Penerimaan ideologi Pancasila sebagai ideologi berbangsa dan bernegara merupakan sejarah yang panjang. Penerimaannya merupakan pergulatan yang dialektis terhadap berbagai pemikiran yang merupakan proses ideologis yang dinamis. Diterimanya ideologi Pancasila, imajinasi mengenai bangunan kenegaraan telah menemukan kristalisasinya. Kelima sila Pancasila merupakan rumusan nilai-nilai sekaligus cita-cita yang hidup dan dicita-citakan masyarakat Indonesia.

Pancasila merupakan rumusan konkret dalam konteks obsesi bersama untuk membentuk sebuah negara kesatuan yang ideal, dipercaya, dan harus selalu diperjuangkan. Pancasila merangkai kondisi sosial historis, kultur, bahkan mitos ke dalam sebuah jembatan yang akan membawa Indonesia menuju kejayaan. Pancasila sebagai sebuah ideologi bangsa dan negara, melalui sila-silanya, mengarahkan semua elemen masyarakat pada satu gerak.

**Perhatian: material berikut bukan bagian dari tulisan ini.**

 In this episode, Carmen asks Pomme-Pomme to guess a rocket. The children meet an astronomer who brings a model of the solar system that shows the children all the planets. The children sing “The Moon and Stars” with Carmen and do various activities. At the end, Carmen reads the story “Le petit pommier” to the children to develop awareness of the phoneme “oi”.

Sebagai sebuah ideologi, Pancasila harus dibaca dengan dinamika pemikiran yang terus berkembang sehingga bisa menjadikannya sebagai working ideologi yang selalu kaya dengan penafsiran baru sesuai dengan konteks zamannya. Harus diyakini pula, Pancasila sebagai sebuah ideologi kebangsaan memiliki fungsi integratif. Yaitu, menjamin kelangsungan kesatuan bangsa Indonesia yang pluralistik.

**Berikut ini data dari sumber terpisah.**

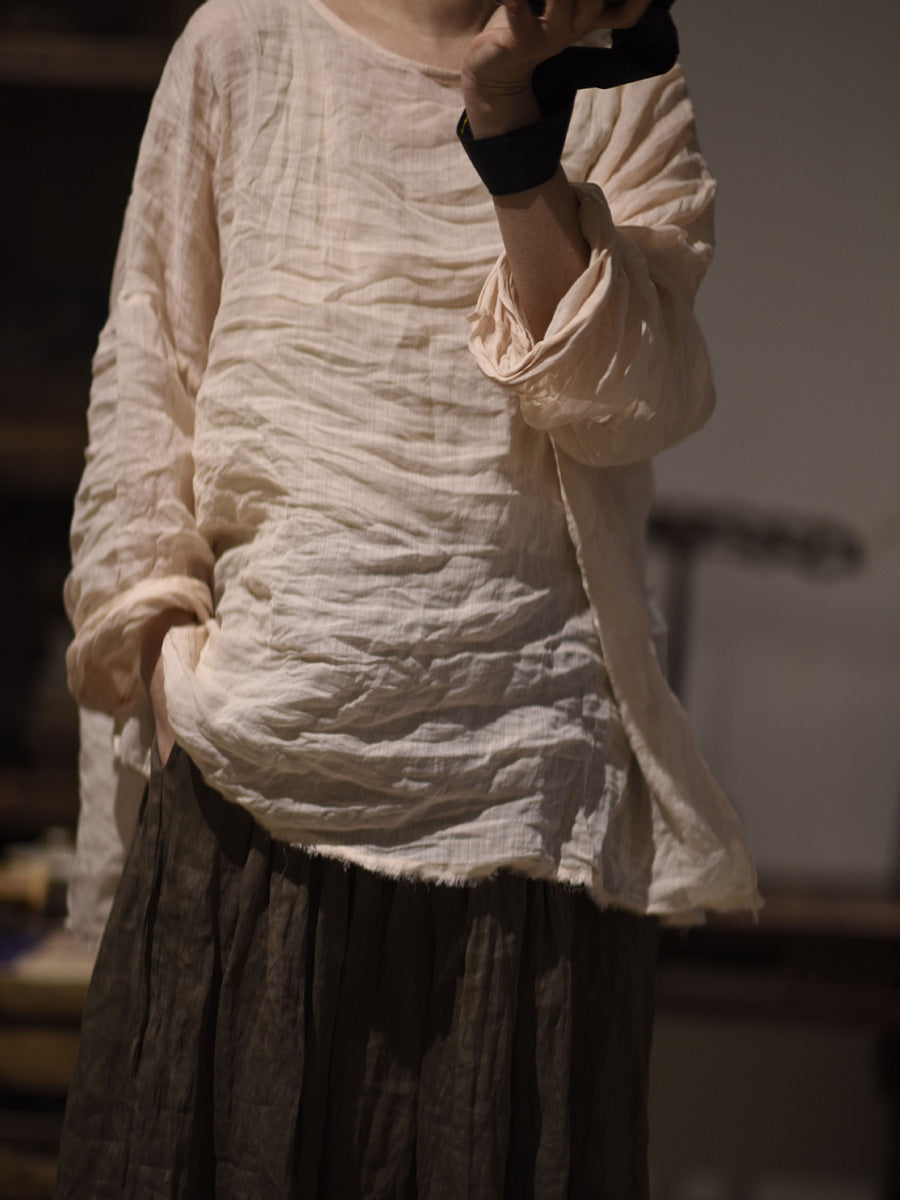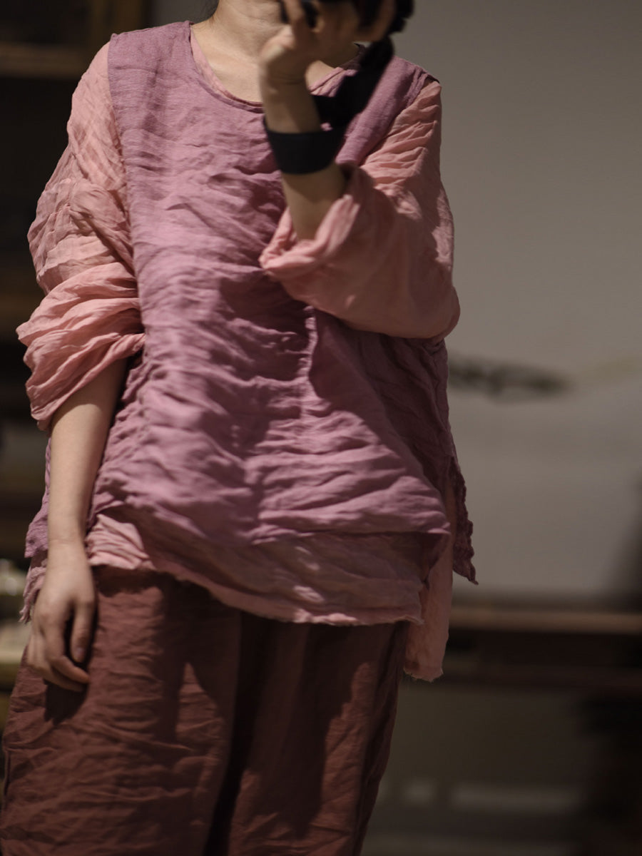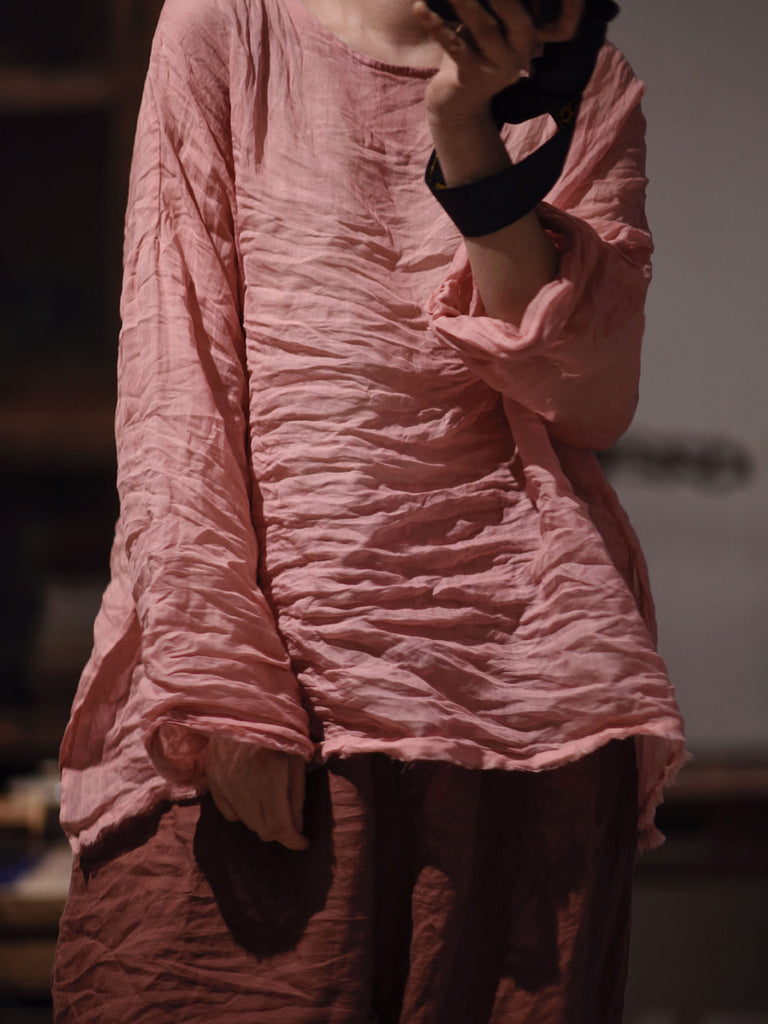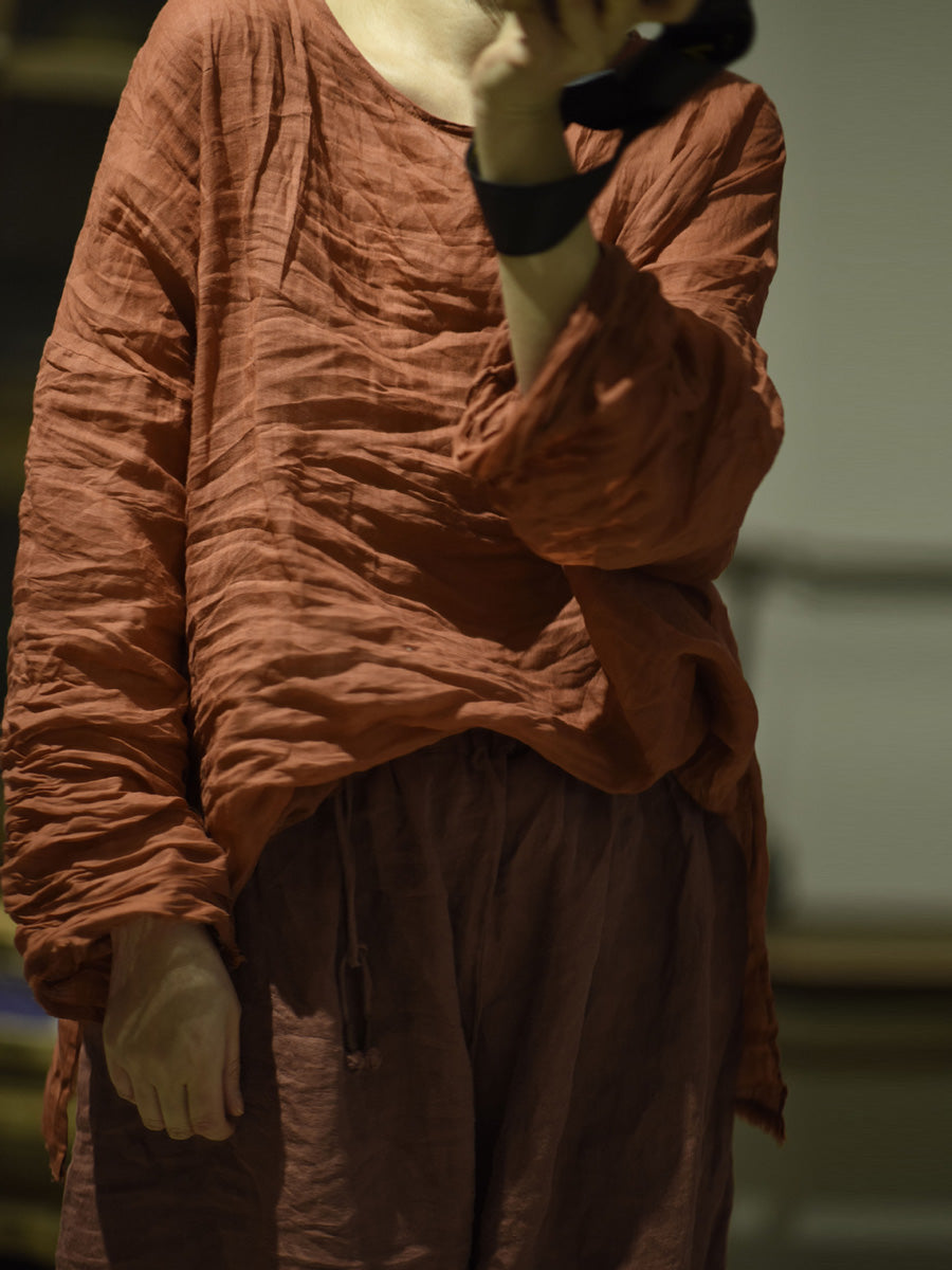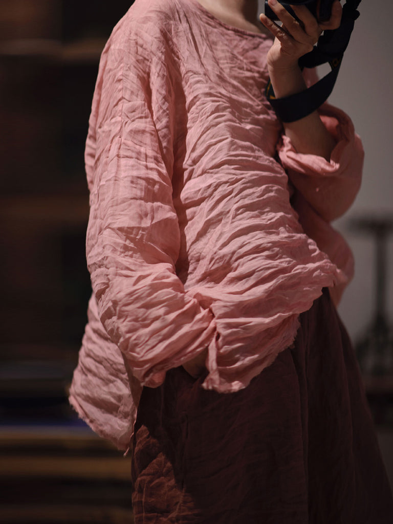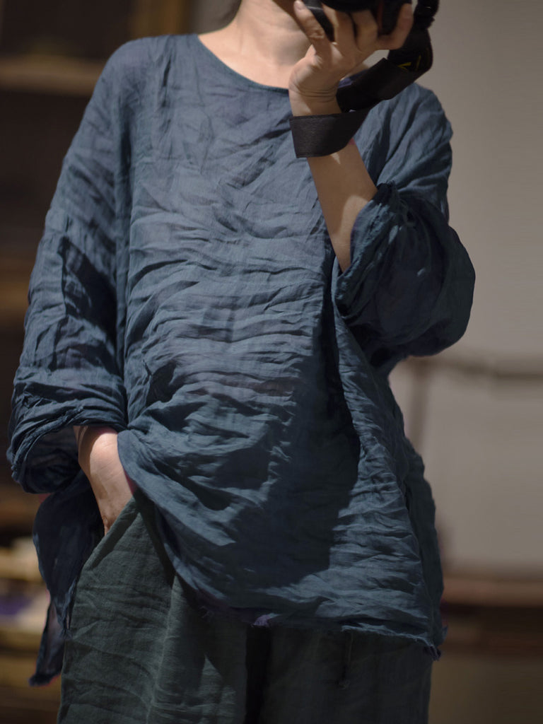 Dames Herfst Effen Vintage O-hals Ramie Blouse

Namun sayang sekali, sekarang ini Pancasila terkesan ditelantarkan dan disisihkan. Bahkan, muncul berbagai godaan yang meragukannya sebagai sebuah ideologi bangsa dan negara. Upaya perwujudan nilai-nilai Pancasila selama ini masih setengah hati. Wacana tentang Pancasila cenderung melemah, bahkan mulai muncul pemikiran-pemikiran ideologi yang sektarian yang hanya memikirkan kepentingan kelompok dan mayoritas. Bahkan, tidak sedikit orang yang belum menempatkan dirinya untuk tunduk kepada ideologi dan konstitusi. Di sisi lain, tidak ada upaya yang menggairahkan untuk mengartikulasikan Pancasila secara berkesinambungan agar semakin kuat tertanam dalam tatanan berbangsa dan bernegara.

Sudah saatnya kita menata kembali sekaligus mengupayakan terwujudnya nilai-nilai Pancasila secara sungguh-sungguh. Harus diwujudkan secara konkret pembangunan yang mengacu pada nilai-nilai visioner Pancasila yang pada gilirannya akan mewujudkan Indonesia yang sejahtera dan berkeadilan. Dan, itu adalah tugas kita semua!